The Way of the Circle

Disclaimer: All the ensō images used in the video were purchased as digital files. They are not created by me.

As I spend more time practicing and teaching Interspirituality, I am increasingly in awe of the circle as a symbol of wholeness, inclusion, and what the beloved Vietnamese zen monk, Thich Nhat Hanh, called “Interbeing.”

To quote Thich Nhat Hanh:

““To be” is to inter-be. You cannot just be by yourself alone. You have to inter-be with every other thing.”

The way of the circle is a fundamentally non-hierarchical way of being.

And… I am continually shocked to discover just how much of my own psyche is still colonized by hierarchical thinking and ways of being.

I often find myself raging against what I call “love and light” spirituality. That shadowless place that admits only the good, only the beautiful – only the pureness of white and light.

While I rage against this supremacist and patriarchal model of both psychology and spirituality when I teach and write, while I hark on the value and power of darkness, messiness and imperfection of embodiment, I find that deep within myself, I still have a lot of decolonization to do. When I slightly slacken my attention, it is very easy for me to fall into the binaries of good and bad, right and wrong, light and dark. And yes, these are HIGHLY value-laden qualities. Good, right and light are to be aspired for, worked towards. And bad, wrong and dark are to be moved away from, to be grown out of. My skin crawls when I hear yet another spiritual teacher talk about “high vibe” and “low vibe.” And, I am here to acknowledge that my skin crawls partly because this type of thinking still lives in my psyche. As my shadow.

Yesterday, I taught about shadow to our first year interfaith/interspiritual seminary students at One Spirit Learning Alliance. So, this particular shadow is more on the surface today, and is yearning for some integration.

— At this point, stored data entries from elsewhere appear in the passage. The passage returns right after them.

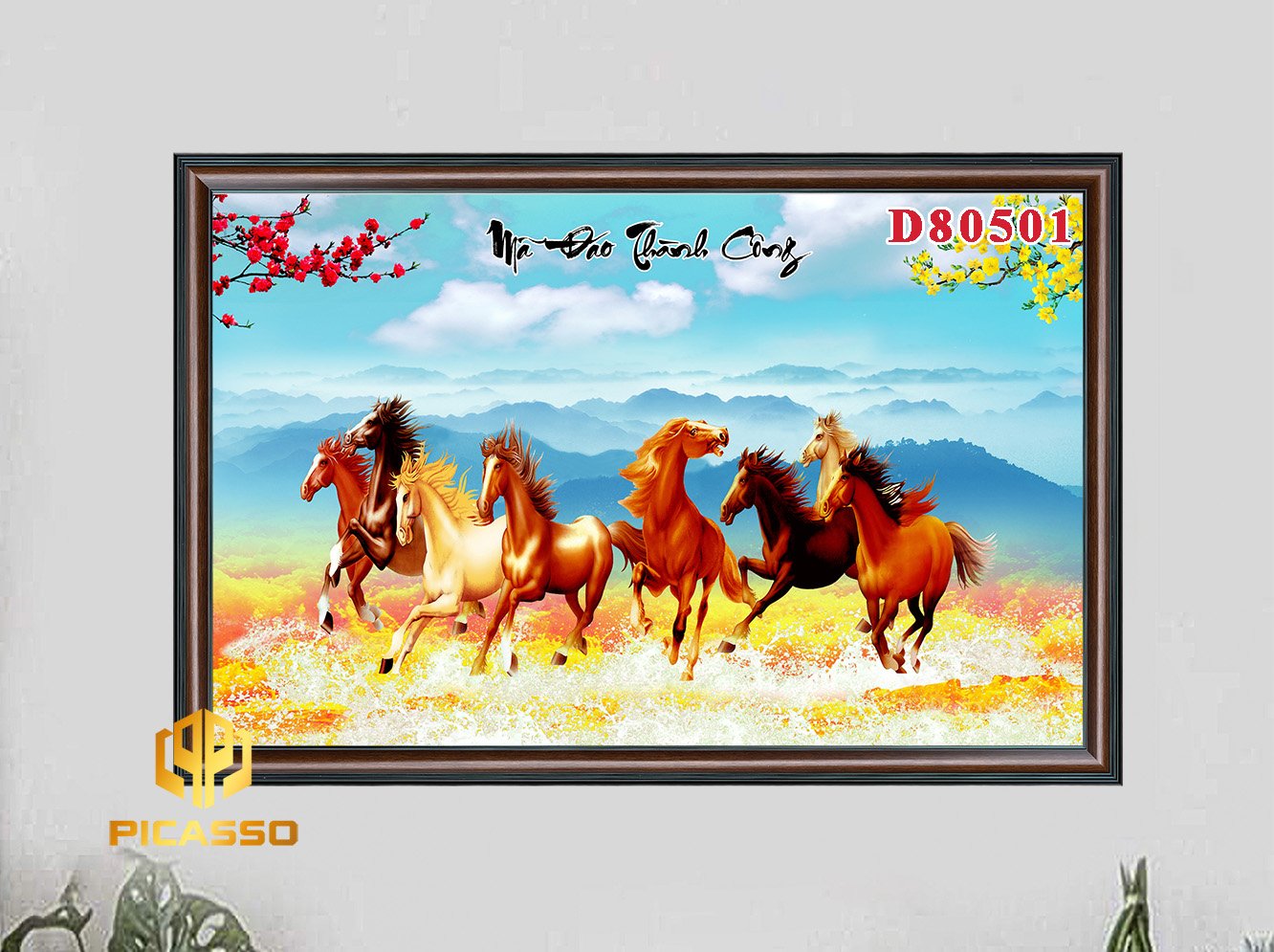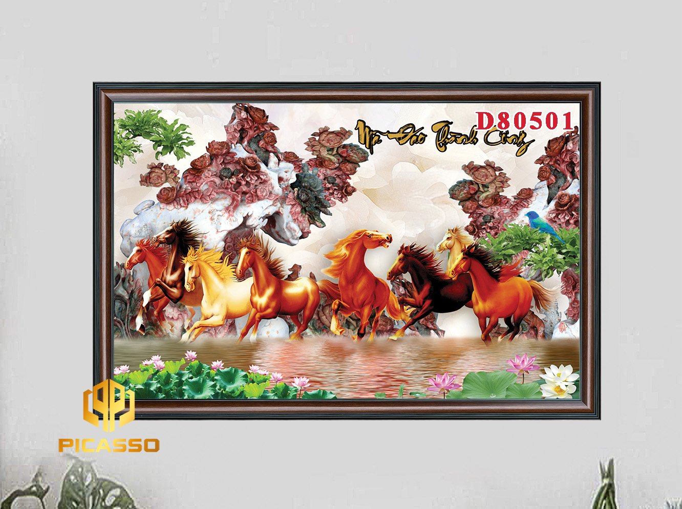 Tranh Bát Mã truy phong mạ vàng (Tranh Mã Đáo Thành Công) mang nhiều ý nghĩa phong thủy tốt lành. Là biểu tượng của Đoàn Kết - Thịnh Vượng - Thành Công. Đây được xem là
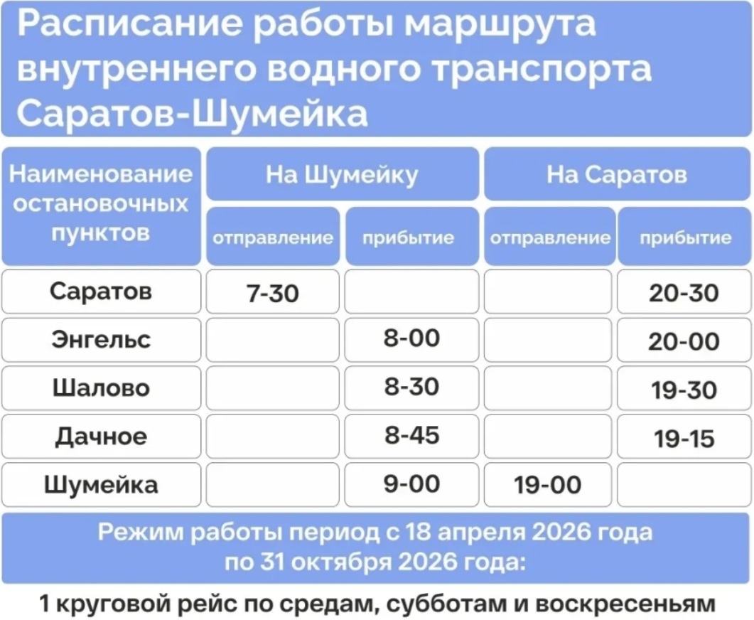 О работе скоростных судов ведомство пока ничего не рассказывает. Напомним, в прошлом году на направление до Хвалынска был заказан теплоход на подводных крыльях "Метеор". До этого в Балаково с остановками в Марксе и Вольске по Волге начали ходить два "Валдая".
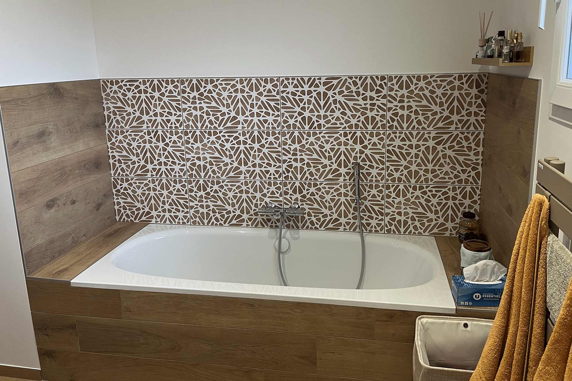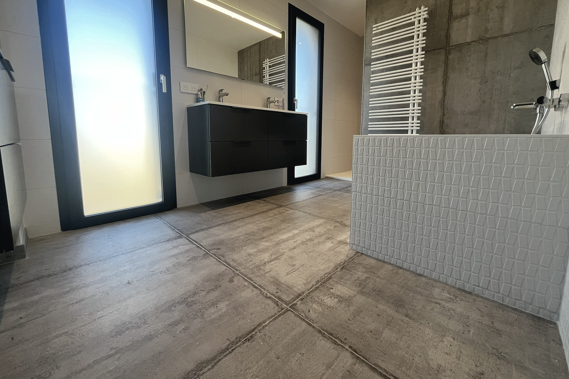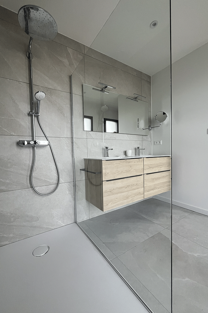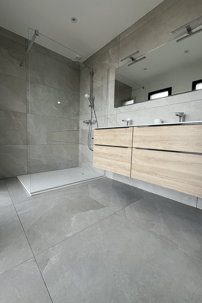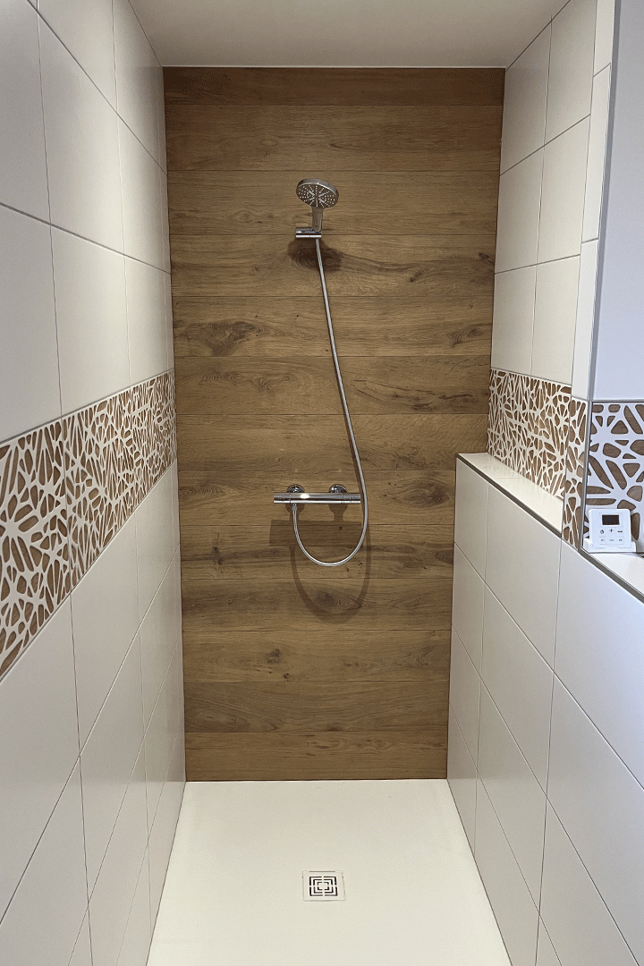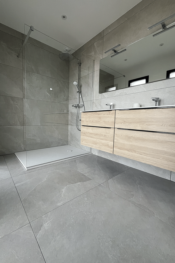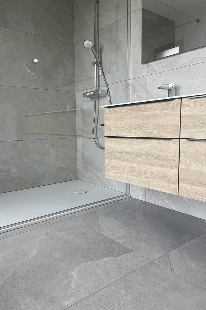 Lorsqu’il s’agit d’aménager des espaces restreints, n’hésitez pas à privilégier des carreaux de grandes dimensions. Cette stratégie permet de réduire le nombre de joints, créant ainsi une illusion visuelle de grandeur. Cette approche astucieuse maximise non seulement l’espace perçu, mais confère également une esthétique épurée et moderne à votre salle de bains, faisant preuve d’un sens aigu du design et de la fonctionnalité.
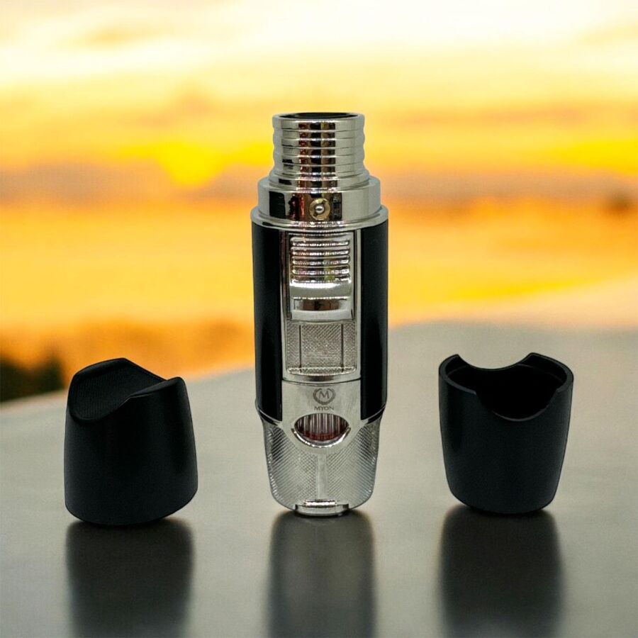 F60 3 Pürmüz Alev Delicili Sehpalı Puro Çakmağı Siyah
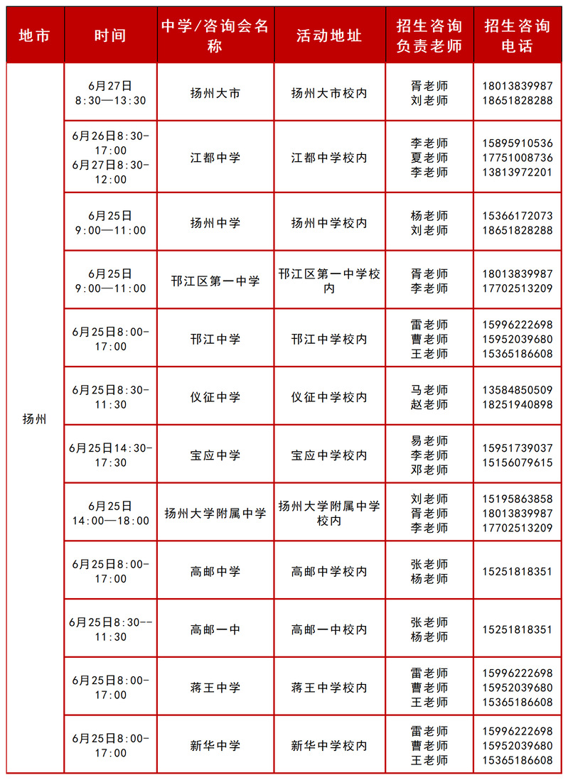 2025年扬州招生组行程安排
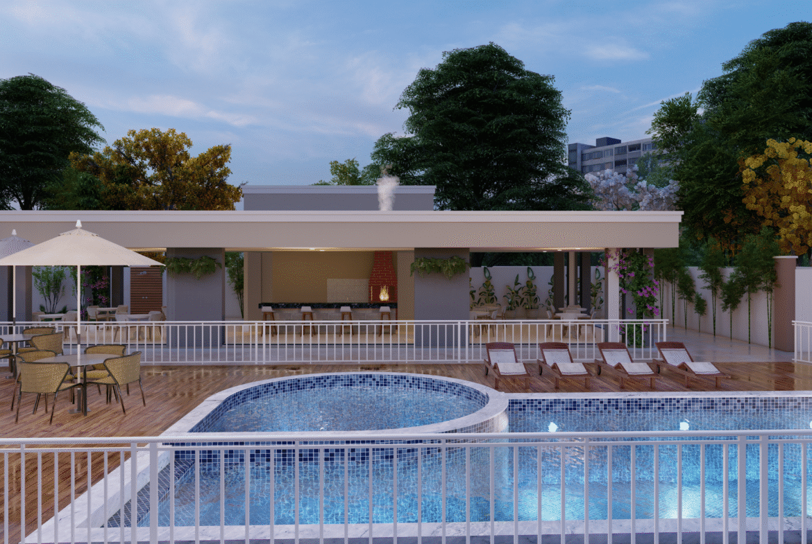 O lazer é completo e pensado para todas as idades. Piscina adulto com solarium, piscina infantil, salão de festas com churrasqueira, playground, área de convivência com pergolado e espaços planejados para criar momentos especiais em família. Mais do que áreas comuns, o New Life entrega cenários para celebrar conquistas e construir memórias.
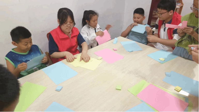 在志愿服务过程中,郭栩恺体会到了与孩子们交流的快乐以及与孩子们一起完成任务的这种喜悦。完成任务的孩子们也会有对应的奖励,孩子们就有了目标有了动力,在第一天,刚开始的时候郭栩恺会跟他们商讨先完成任务,完成任务后再一起玩。他们也认同,随后为他们布置了作文,他们也欣然接受了,之后便奋笔直书,不一会就完成了任务。之后来到了活动环节,志愿者们会教他们做小实验以及一些折纸还有涂鸦等等,在经过几天的志愿服务,孩子们跟我们熟起来,他们会耍一些小机灵,在写数学题的过程中时不时的会跟你聊一些奇奇怪怪的知识,会对一些小东西发挥象形力,这一刻,郭栩恺体会到了小孩子们的发散思维,大家其乐融融,最后也完成了任务。他们很开心的回家了,看着他们回家的身影,郭栩恺和其他志愿者们也感觉很快乐。
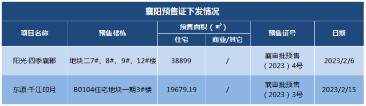 襄阳新增 2张住宅预售许可证,分别为东津新区 东原·千江印月项目和襄州区 阳光·四季襄郡项目,共批得住宅预售面积58578.19㎡,新增房源 约533套
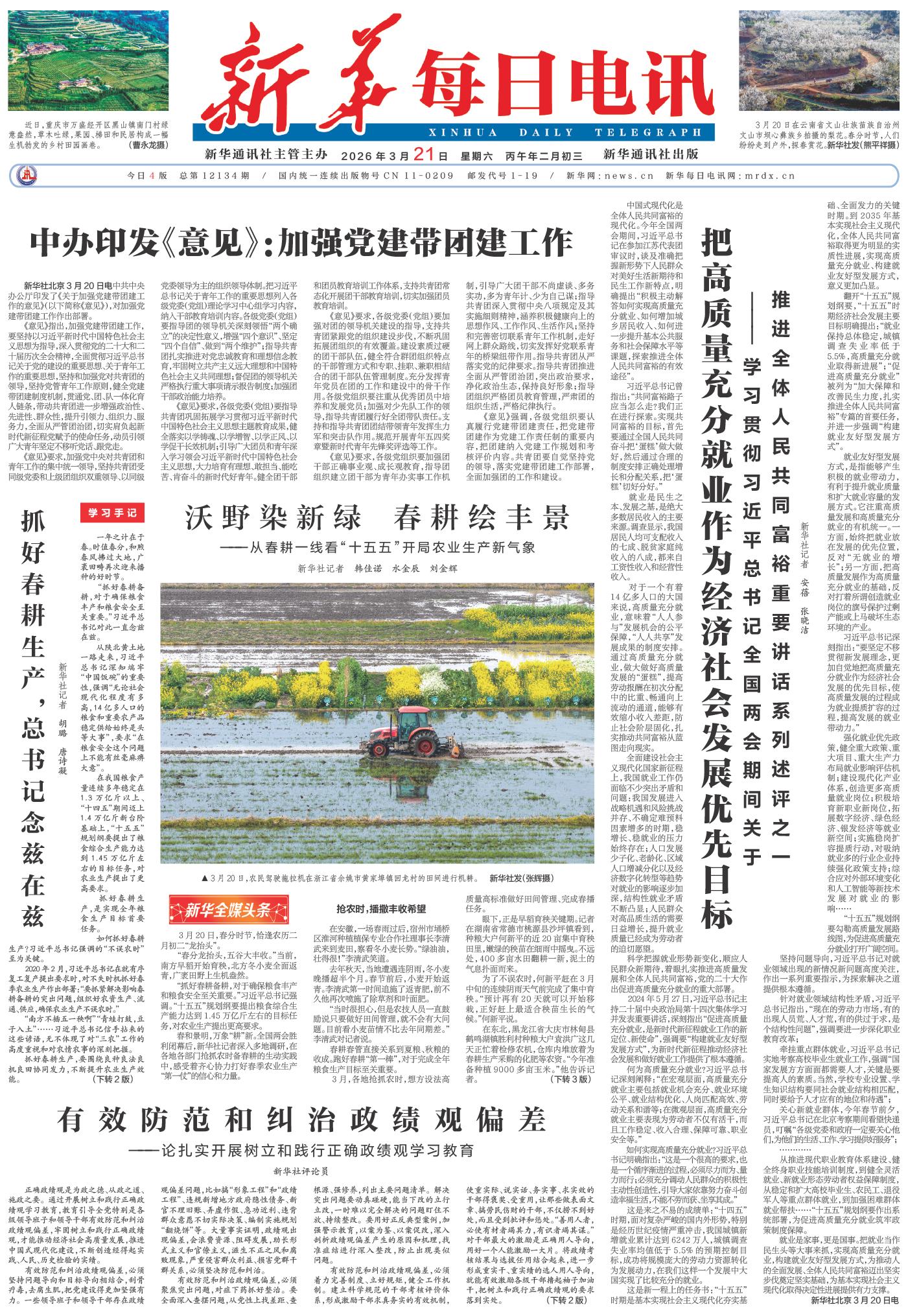 | ( 2026-03-21 ) 稿件来源:新华每日电讯 要闻 |
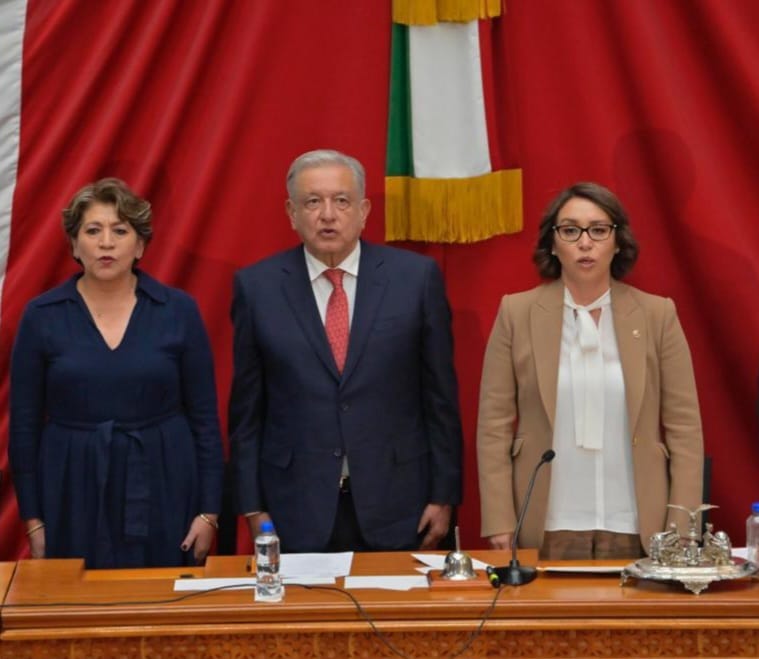 No más negocios desde las oficinas de gobierno. Suspenderá servicios privados de salud y bajará sueldos a salarios de primer nivel. Programas universales para adultos mayores y discapacitados. Toluca, Méx.- En un hecho histórico en el Estado de México, la Presidenta de la Mesa Directiva de la Legislatura local, Azucena Cisneros tomó protesta a la primera gobernadora de la entidad, Delfina Gómez Álvarez, para el periodo 2023-2029, ante la presencia del Presidente de la República, Andrés Manuel López Obrador, en el inicio de lo que será una gestión estatal transparente, inclusiva que busca el desarrollo de todas y todos los sectores, y sin privilegios a servidores públicos. En sesión solemne en el recinto legislativo, junto al gobernador Alfredo del Mazo, y el presidente del Poder Judicial, Ricardo Sodi; la presidenta de la Legislatura y diputada de Ecatepec, subrayó que el evento es uno de los actos más trascendentes para la vida política y democrática de las y los mexiquenses. En su intervención, la Gobernadora electa, señaló que es un orgullo que por primera vez dos mujeres encabecen el acto solemne, con la diputada Azucena Cisneros como presidenta del Poder Legislativo, a quien deseó éxito en su gestión “porque es tiempo de mujeres y lo vamos a hacer muy bien”. Reiteró que ser Gobernadora fue gracias a la voluntad popular, que busca un cambio profundo, humanitario y democrático, que pone fin a un gobierno de unos cuentos y a favor del pueblo, y que su gabinete mostrará que se pueden hacer las cosas bien, con transparencia y amor el pueblo. “Soy la primera Gobernadora de este gran estado, no les voy a fallar, sé que esta brecha que se está abriendo para las futuras generaciones, tenemos que sumar esfuerzos para demostrar que las mujeres sí podemos, que somos capaces y llevar la responsabilidad de llevar a buen puerto el estado”. Agradeció el gran respaldo del Presidente de la República, Andrés Manuel López Obrador, con quien hizo el compromiso de trabajar de la mano con el gobierno federal, coadyuvar en la construcción del Proyecto de Nación y avanzar en la solución de los desafíos de seguridad, agua, movilidad y crecimiento económico con empleos dignos. También puntualizó que su gobierno será fortalecido en los pilares de la transparencia y la lucha contra la corrupción, porque un gobierno más transparente reduce las posibilidades de que ocurran hechos de corrupción, evitarán intermediarios en los trámites administrativos, y advirtió que aquél servidor público que no cumpla con rectitud e integridad su encomienda será castigado con todo el proceso de la ley, “ya basta, se acabaron los negocios desde las oficinas del gobierno y las riquezas”. Delfina Gómez reiteró que su gobierno será incluyente y cercano a la gente, de territorio y no de escritorio, que atienda a quienes han sido excluidos históricamente, que garantice servicios a todas las familias, educación de calidad, mejores condiciones laborales y buenos salarios, posibilidad de crecer a los jóvenes, y anunció que mantendrá audiencias ciudadanas con su gabinete, y la primera será el 11 de octubre en Palacio de Gobierno. Y para el desarrollo de la entidad buscará trabajo conjunto con las cámaras empresariales, colegios de profesionistas, sindicatos, organizaciones no gubernamentales, sindicatos, medios de comunicación y ciudadanos interesados en construir un mejor Edomex. Subrayó que el Poder Legislativo será de gran apoyo para las reformas al sistema judicial con modificaciones a los códigos Civil y Penal, para el castigo severo a quien ejerza cualquier tipo de violencia contra mujeres, sanciones rigurosas a quienes ejerzan violencia a animales de compañía y a la biodiversidad. Al brindar un mensaje desde el recinto legislativo, el Presidente de México, Andrés Manuel López Obrador, hizo un reconocimiento a las y los 75 diputados, ya que autorizaron recursos para impulsar las obras de infraestructura que el gobierno federal realiza en el Estado de México; precisó que en las próximas horas pondrá en marcha la primera etapa del tren interurbano que brindará servicio en el valle de Toluca, y para marzo de 2024 inaugurará la segunda etapa del proyecto para conectar hasta la Ciudad de México. También precisó que en esa misma fecha se estará habilitando el trolebús de Chalco a Santa Martha, obra de agilizará la movilidad de los mexiquenses que viven en la zona oriente de la entidad; obra impulsada por el gobierno federal en el territorio estatal que estará en el primer trimestre es el tren que comunicará a la zona de Buenavista con el Aeropuerto Felipe Ángeles, medio de comunicación terrestre que permitirá un tiempo de traslado de 45 minutos. En materia política López Obrador reconoció la colaboración de Alfredo Del Mazo Maza, ya que a diferencia de otros gobernadores él mostró una colaboración y participación con los proyectos de infraestructura, pero sobre actúo como un demócrata ya que no se metió en la elección y respeto la voluntad de los mexiquenses.

Even though I made the video (see above) a few weeks ago, I finally decided to write this piece today, while this subject is fresh (and hot) on my heart! I offer this essay and video as an alternative perspective, a counterbalance to the hierarchical psyche that I know I share with many who will be reading this. Let’s face it. This is the water we have been swimming in. This is Western Enlightenment thinking. No wonder none of us are exempt from it! Not even if you grew up all the way across the world – separated by landmasses, mountains, and oceans!! 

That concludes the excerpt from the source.